Average daily turnover was $464bn (pounds 300bn) in April, up from $290bn three years earlier, according to a Bank of England survey. The share of sterling trading fell from 23 per cent to only 15 per cent of the total.
Ian Plenderleith, an executive director of the Bank of England, said yesterday: ''This confirms London's pre-eminent position as an international centre for the global foreign exchange markets.'' He saw no reason why the growth of business in London should not continue.
Daily turnover rose in New York and Tokyo during the same period but by far less. It increased 46 per cent to $244bn in the US and 34 per cent to $161bn in Japan, compared with London's 60 per cent rise.
Terry Smeeton, head of the Bank's foreign exchange division, said the scale of the growth between this survey and the last, in April 1992, had been a bit surprising. There had been greater than expected growth in currency swaps, which might be explained by demand from fund managers hedging their increasingly international portfolios.
The survey was the fourth conducted simultaneously by the Bank of England and 25 other central banks.
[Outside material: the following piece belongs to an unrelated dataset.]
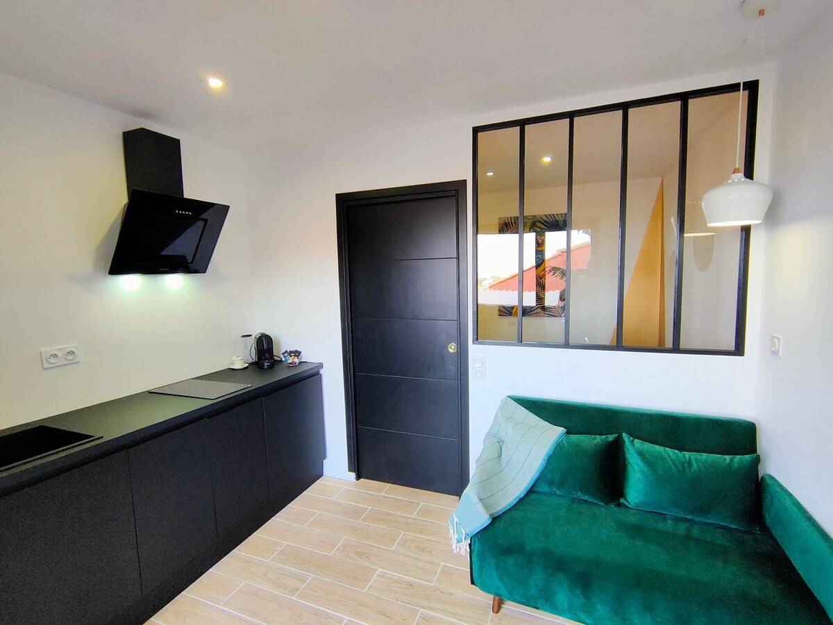 Logement 27m2, en Rez de jardin. Séjour avec 1 convertible 160 x 200cm et 1 chambre climatisée, avec un lit 160 x 200cms. Salle de bain, douche italienne, wc. Barbecue sur un jardin terrasse, le tout réservé exclusivement aux voyageurs. Le linge de lit est fourni: Draps, taies d'oreillers et couettes. Serviettes, Torchons. Gel douche . Et pour la cuisine: Sel, poivre, sucre, thé. Cafetière filtre + cafetière Tassimo. 2 cafetières.

Average turnover in London was less than $100bn a day in 1986, the year of the first survey. Its lead over other centres has been increasing since.
Banks that carry out a lot of currency trades in London are clear about the main advantage: the time zone. David Cocker at Chemical Bank said: ''London can deal with other centres all day. From 5pm our time the US is only dealing with itself.'' Adrian Cunningham at UBS agreed: ''It boils down to time. It has nothing to do with lower costs or greater expertise.''
Mr Plenderleith said London had achieved a critical mass that helped it carry on growing. The pace of growth was geared to the expansion of world trade. There was no evidence in the survey to suggest speculative dealing was on the increase, he said.
The most popular trade is the dollar against the mark, followed by dollar- yen. Sterling-dollar comes a distant third. Trades involving currencies that could eventually join a single European currency account for at most 14 per cent of the total.
The proportion of business accounted for by forward transactions - mainly swaps - rather than spot deals increased by 11 per cent to 59 per cent. This rise explained most of the increase in total turnover since 1992.
Business with end-users accounted for 25 per cent of all transactions, the rest being interbank trading. The share of business taken by the top 10 banks was constant at 44 per cent, and seven of them were also in the top 10 three years ago.
The share taken by the top 20 rose from 63 per cent to 68 per cent. Foreign- owned institutions accounted for about 79 per cent of total turnover.
The survey of 301 banks and 12 brokers covered 18 days in April. The Bank for International Settlements will publish comprehensive figures on the size of the world foreign exchange market in November.